Эти апокалипсические картины, должно быть, с детских лет возбуждали сказительницу мрачным величием так, что, больше не обращая внимания на слушателей, она перешла на едва ли не песенный речитатив, делая пассы рукой в такт словам.
– Опечалились жители Уэльса, услыхав о такой дани. Горе им глаза застилало, слезы жгли, точно злые искры. Долго думали, долго рядили, как спасти страну от позора, как хулой не покрыть свое имя. Порешили идти к Курудану, брату деда отважного в брани Килуха, что на Олуэн женился, одолев великановы козни.
Курудан жил в далекой пещере. Над волнами кипучего моря. Бились волны, что день у порога, и словам его чайки внимали. Вот пришли короли к Курудану, со слезами пришли и мольбами: “Нет спасения нам от Фамора! Губит, злыдень, валлийскую землю!” Отвечал Курудан многомудрый, проведя целый день в размышлениях: “Не найти, короли, вам управы, не разить вам чудовище злое! Ни стрела не опасна Фамору, ни копье, ни мечи, ни секиры. Ничего лиходея не ранит, держит камешек он за зубами. Не простой этот камень – волшебный. Из далекой земли из Фаморской, что упрятана за горизонтом и неведома глазу людскому”. Закручинились в страхе валлийцы, короли закручинились вовсе. В пасть Фаморову кто же полезет, чтобы вытащить камень оттуда? Вот пошли они лугом зеленым, меж холмами, лежащим в ложбине, и увидели там скотопаса, что к воде гнал общинное стадо. Шел он лугом с улыбкой веселой, песни пел как ни в чем не бывало. А навстречу владыки Уэльса, все в слезах от речей Курудана. Поклонился пастух им смиренно: “Что тревожит лендлордов могучих?!” Те со стоном ему отвечают: “Нет спасения нам от Фамора!”
Я живо представил себе эту картинку: деревенский пастух в окружении отары овец с коровами по флангам. Перед ним десяток валлийских князьков, гордо именуемых местным населением королями. Растирая по бородатым лицам горькие слезы, увешенные блестящими побрякушками клановые вожди жалуются первому встречному на причины своей туги-печали. Умопомрачительное зрелище! А главное, абсолютно в традициях милого сердцу Альбиона!
Я едва скрыл улыбку, упрятав ее за очередным куском пирога. Что мудрить! Не всякий слушатель способен с должным почтением внимать эпическому сказу валлийских преданий.
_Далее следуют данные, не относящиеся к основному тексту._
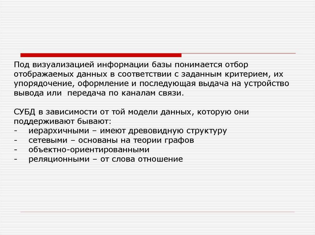 Под визуализацией информации базы понимается отборотображаемых данных в соответствии с заданным критерием, их
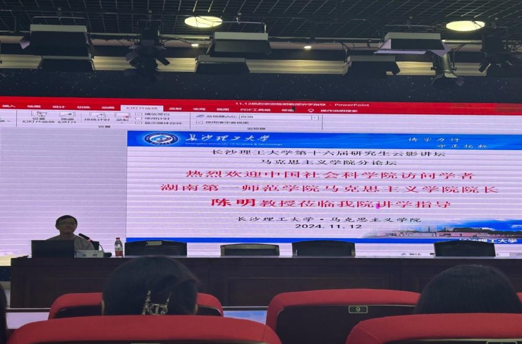 11月12日下午,威廉体育第十六届研究生云影讲坛之“红色华章,共筑新时代”在云塘校区文科楼B300报告厅顺利举行。本次讲座以“当好大先生,育好栋梁才”为题,由湖南第一师范学院马克思主义学院陈明教授主讲,威廉体育马克思主义学院党委书记陈万球担任主持人,院学生工作办公室主任曾蓓及2023级、2024级的全体研究生参加。
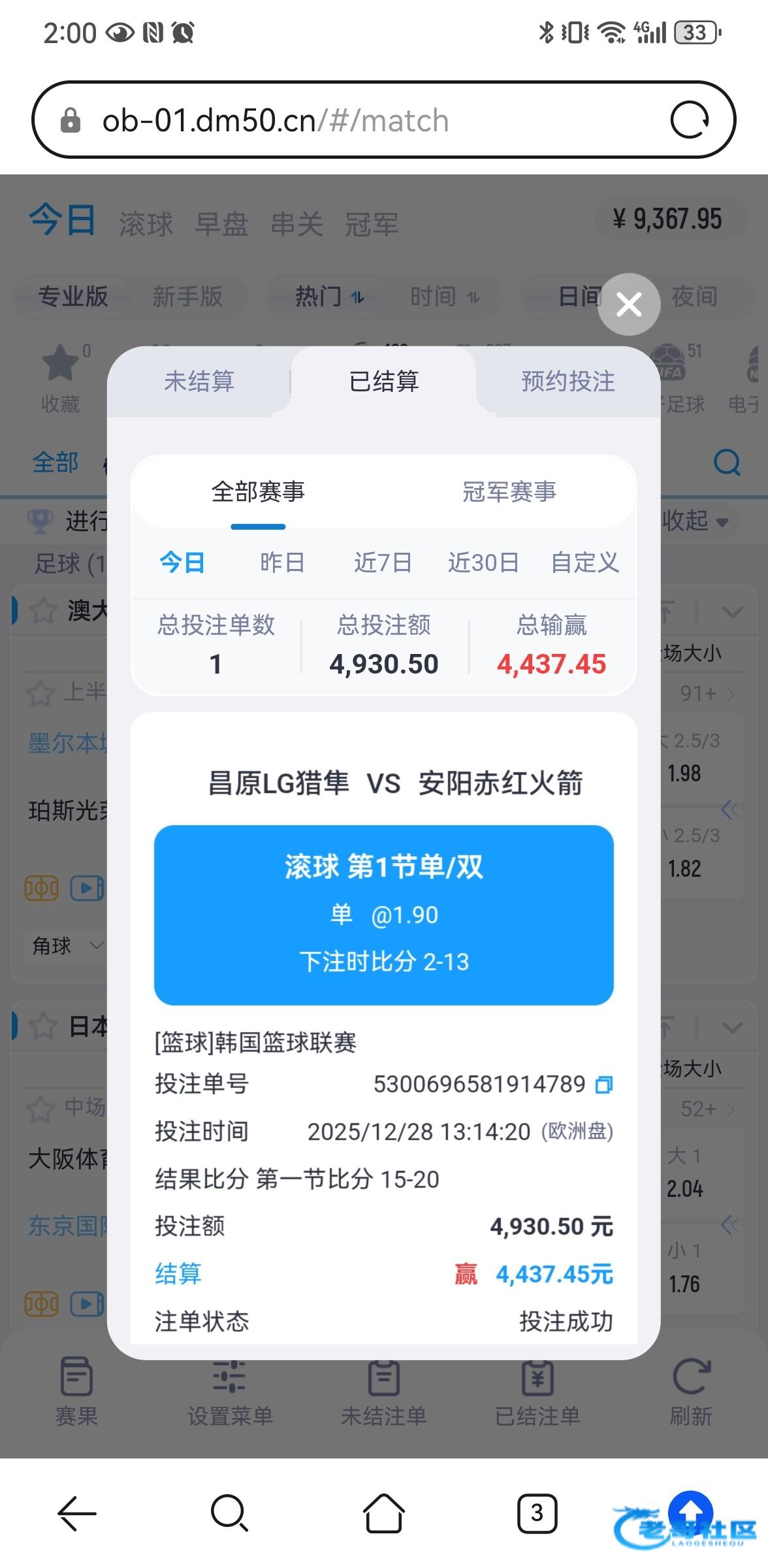 诺克提斯 ▶ yujin108 @yujin108 ,第一节确实14比20,有的体育台数据容易弄错,开始给你结算对的是因为开始数据显示15比20,结算错了肯定给你扣了 3天前
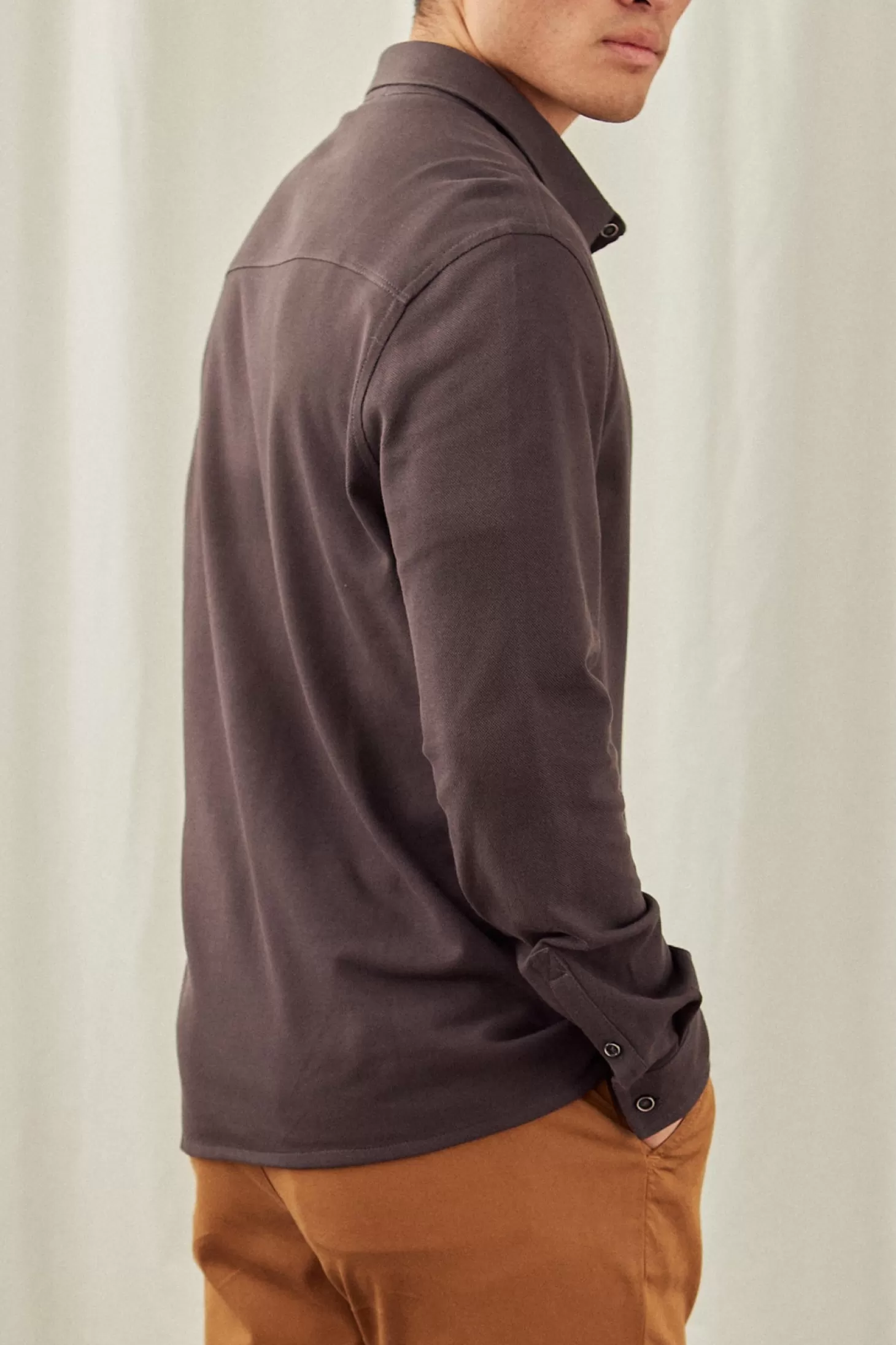 Piqué-Baumwollstoff gepaart mit langen Ärmeln ist die perfekte Lösung, wenn sich die Jahreszeiten im Handumdrehen ändern. „Twothirds“ ist auf die Knopfleiste des Kwale gestickt.
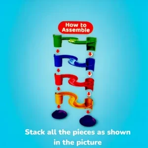 Features four vibrant spiral ramps where soft balls twist and roll down—visually stimulating
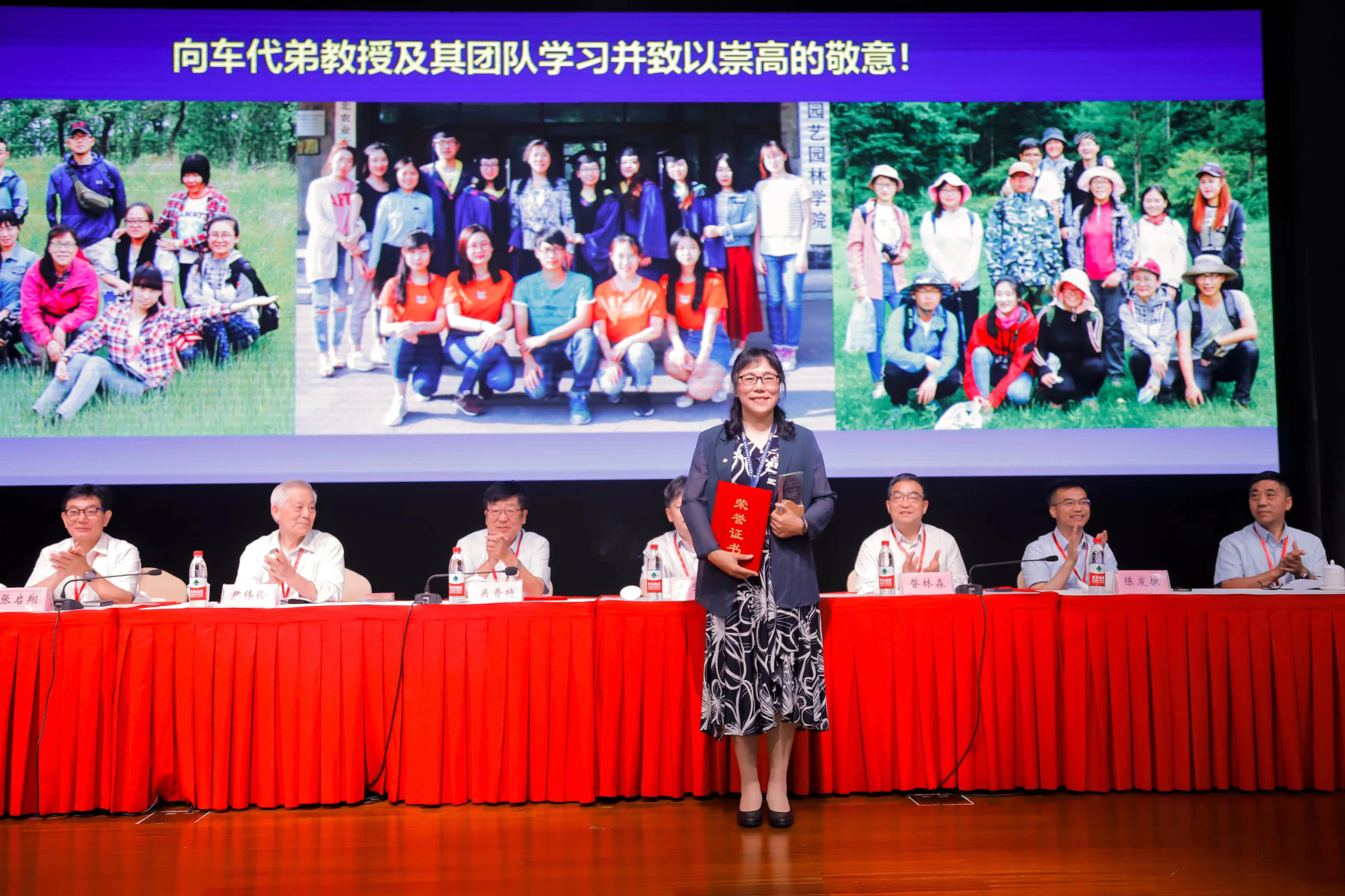 “中国观赏园艺2023年度特别荣誉奖”由中国园艺学会观赏园艺专业委员会、国家花卉工程技术研究中心联合评选,旨在表彰对我国观赏园艺科研、产业发展和对外交流等方面作出积极贡献的工作者。评委会充分肯定了车代弟教授近40年从事的观赏园艺教学、科研和管理工作所取得的成绩。大会给车代弟的颁奖词是:“扎根龙江一甲子,上善若水,胸怀黑土妆锦绣;躬耕香坊四十秋,大爱无疆,梦筑寒地舞长春。锲而不舍比烈焰,志在北国花多半季;润物无声若仙子,心系桃季情暖三生。代马不慕梧桐雨,弟子常修礼乐风。立德立言,无问西东!”
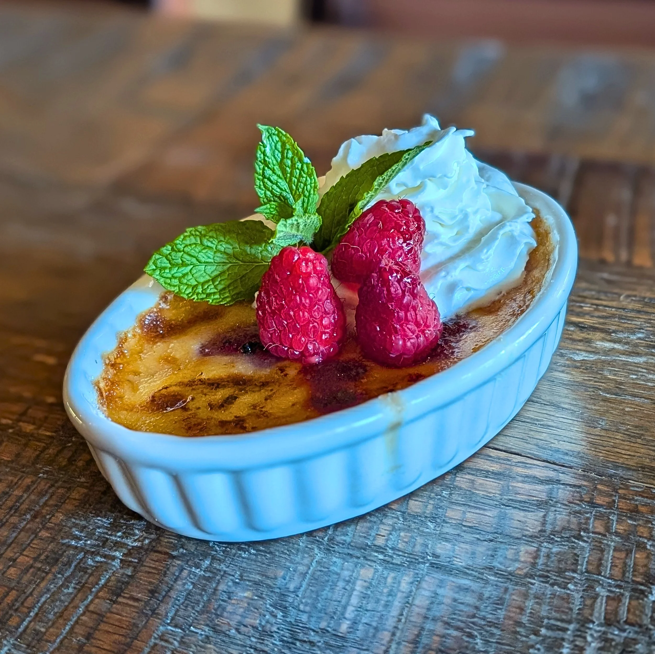 Raspberry Liqueur Custard / Brulee Sugar Served with Whipped Cream & Fresh Raspberry
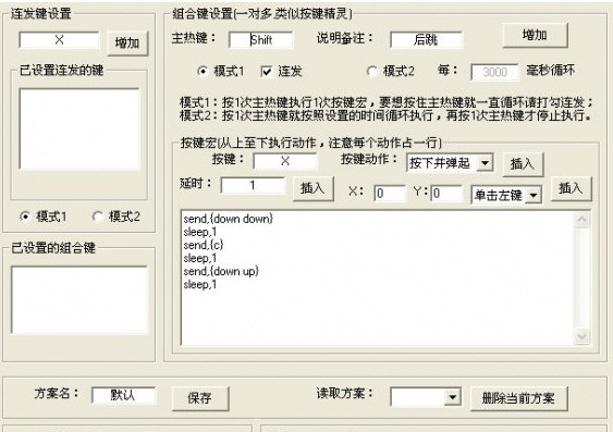 連發(fā)鍵沒什么說的,主要是組合鍵(宏)的功能,如果設置的技能分左右必須設置2個。
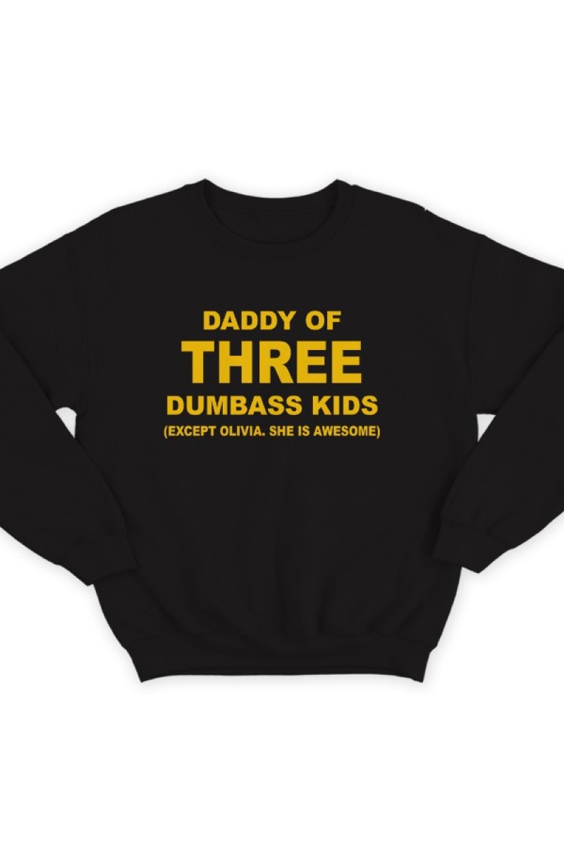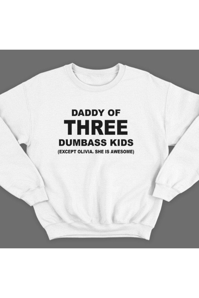 Свитшот для папы с надписью "Daddy of three dumbass kids (Except Olivia. She is awesome)"
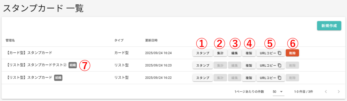 組織操作画面で作成したスタンプカードは「組織」タグが付きます。編集や削除は組織捜査画面から行ってください。
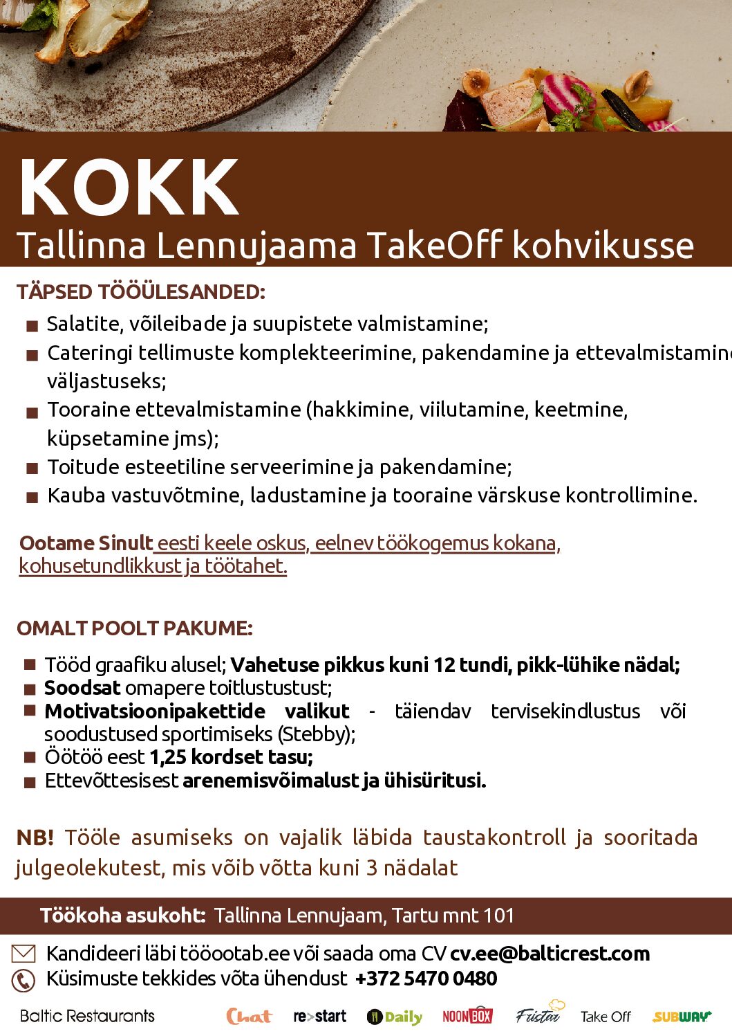 NB! Tööle asumiseks on vajalik läbida taustakontroll ja sooritada julgeolekutest, mis võib võtta kuni 3 nädalat
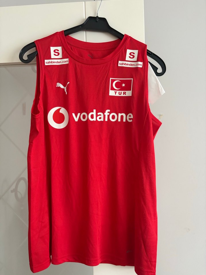 Kırmızı renkte, kolsuz Puma spor forması. Sentetik kumaştan, baskılı Vodafone ve Türkiye bayrağı logoları ile Velcro detaylıdır. Spor ve sokak giyimi için uygundur.
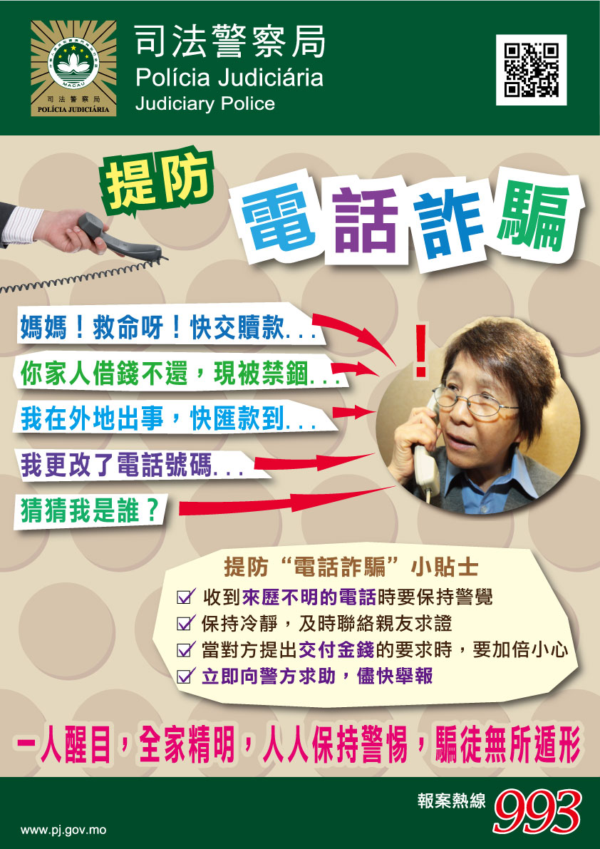 近期,本澳接連發生多宗電話詐騙案件,根據本局本年1月至5月份(截至5月28日)的資料顯示,涉及電話詐騙案51宗(立案23宗,舉報28宗),其中5月份已有23宗(立案10宗,舉報13宗),市民不幸被騙的案件有10宗,涉及金額共972,228元,被害人以長者為主(佔7成)。
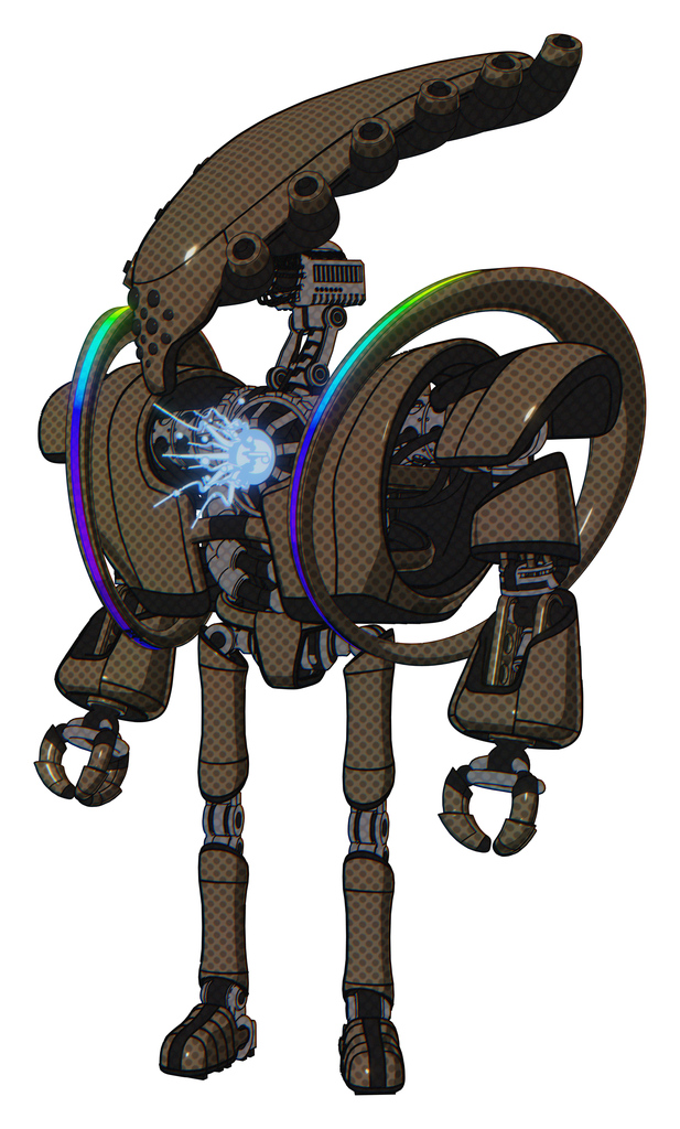 Robot containing flat elongated skull head and heavy upper chest and heavy mech chest and spectrum fusion core chest and ultralight foot exosuit. Light brown halftone.
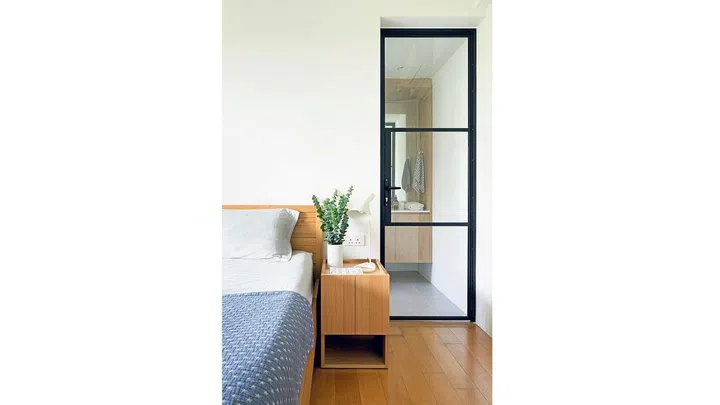 Instead of having wooden doors for the bathrooms, Mr Neo designed for them to be glass on a black aluminium powder-coated frame. Such doors not only meant that the bathrooms are now brighter, but they are also aligned with the home's clean interiors. Ms Luo is especially happy with the glass doors. "They look modern and sophisticated," she says.
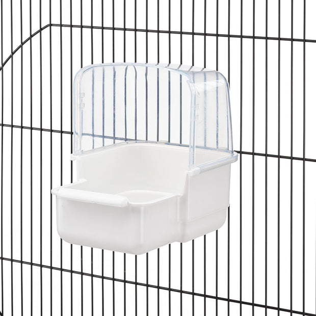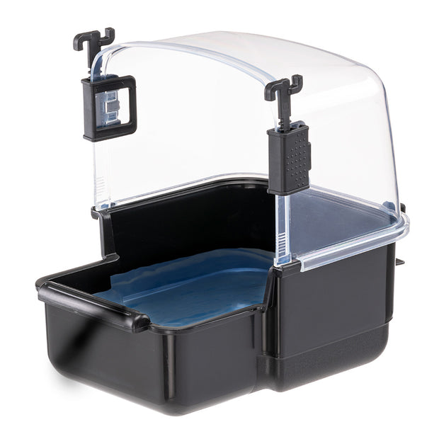 Das Rio 3 Badehäuschen für Sittiche und kleine Papageien ermöglicht es Ihren Freunden, ihre Federn aufzufrischen und ein optimales Maß an Feuchtigkeit aufrechtzuerhalten, insbesondere bei wärmerem Wetter. Das Zubehör besteht aus ungiftigem Kunststoff, sicher für das Tier, mit rutschfestem Boden und Sitzstange für Vögel. Es hat auch einen transparenten Schutz, der nützlich ist, um das Austreten von Spritzern zu verhindern. Dank des Höhenverstellsystems passt sich das Badehäuschen an verschiedene Arten von Wellensittichkäfigen an und kann je nach Bedarf innerhalb oder außerhalb des Käfigs montiert werden.
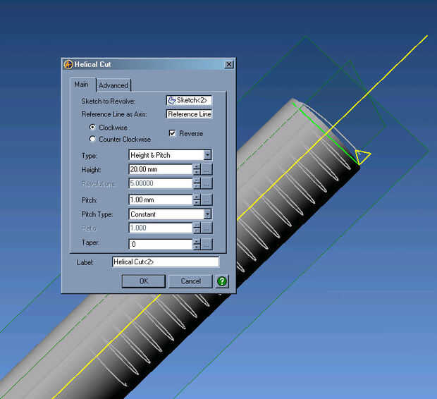 este instructable es creando un externo "hilo" en Alibre Design. Este es un método cosmético, ya que utiliza una revolución y patrón, en lugar de un Corte helicoidal, como en el método 1.Como en el método 1, se trata de un montante de 50 mm con
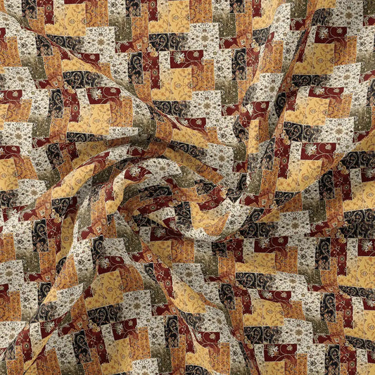 Traditional Elephant Motif Digital Printed Fabric - Pure Georgette
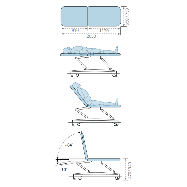 Tvískiptur skoðunarbekkur sem hentar mjög vel við almenna og sérhæfðari skoðun. Bekkurinn einkennist af einfaldri og góðri hönnun og býður uppá margar útfærslur.

А потому, оставив себе удовольствие слушать певучий голос сказительницы, я привожу адаптированный вариант древней легенды.
Уж не знаю, отчего местной племенной старшине пришло в голову откровенничать с пастухом, но, вероятно, это был не обычный пастух. Во всяком случае, как выяснилось после слезного излияния их величеств, сей деревенский пастырь был женат на Гуараггед Аннон – озерной деве, от которой у него осталась дочь, такая же дивная красавица, как и мать, а уж умная, как целый институт стратегических исследований. И в этой деревне, и во всех лежащих в округе любые споры, любые неурядицы разрешает она. Не было еще вопроса, на который у юной красавицы Гвендалайн не нашлось быстрого и верного ответа. Короли, схватившись всем скопом за спасительную, как им казалось, соломинку, стали просить местного ковбоя познакомить их со своей дочерью. Тот им морочил голову целый день, пока не пришла пора гнать стадо. Но отказать толпе монархов все же не посмел. Гвендалайн, как водится, быстренько устроила званый ужин, накормила всех досыта, напоила допьяна, спела героических песен под арфу, так что каждый жутко вельможный сюзерен для себя решил железно: если девиц Фа-мору все же придется отдавать, эта пойдет последней. Однако, как выяснилось, дочь озерной девы вовсе не собиралась ублажать косматого Фамора, невзирая на все его тщательно скрытые достоинства. Взяв с разгоряченных хмелем королей обещание поступить так, как она укажет, Гвендалайн велела коронованным гостям собирать баронов готовиться к схватке, а ей в помощь прислать всех косорылых, хромоногих, горбунов и совсем уж уродцев, каких и свет-то не видывал, потому как смотреть боялся.
Все это было проделано со сказочной быстротой, потому как, надо отдать должное, пока шли тайные предуготовления, Фамор томился в ожидании, лишенный не только коров и овец, но также золота и женской ласки. Как он перенес подобное пренебрежение, граничащее с форменным издевательством, ума не приложу! Но как-то ночью к холму Рёкен, который, как мы помним, получился из камней и земли, высыпанных незадачливым великаном, желавшим затопить Шрусбери, появились глашатаи, объявившие, что поутру Фамору придется сразиться с самыми храбрыми воинами Уэльса, чтобы отстоять право на запрошенную дань. Уж и не знаю, насколько эта новость улучшила настроение косматого монстра, но вот то, что лязг, доносившийся до него из ближайшего леса до самого рассвета, уж точно настроили Фамора по-боевому – за это я готов был ручаться. В чащобу по темноте он решил не соваться. Волшебный камень волшебным камнем, а угодить в потемках в припрятанную яму-ловушку и быть забросанным валунами и бревнами невелика честь! Валлийцы и сами при случае холм могут соорудить не хуже великанского! Что ж, под ним живехоньким до конца дней сидеть? Дождался Фамор утра и чуть свет схватил грозный молот, чтобы объяснить этим непонятливым людишкам, что раз они так, то льготы и скидки кончились. Все в тройном размере и немедленно!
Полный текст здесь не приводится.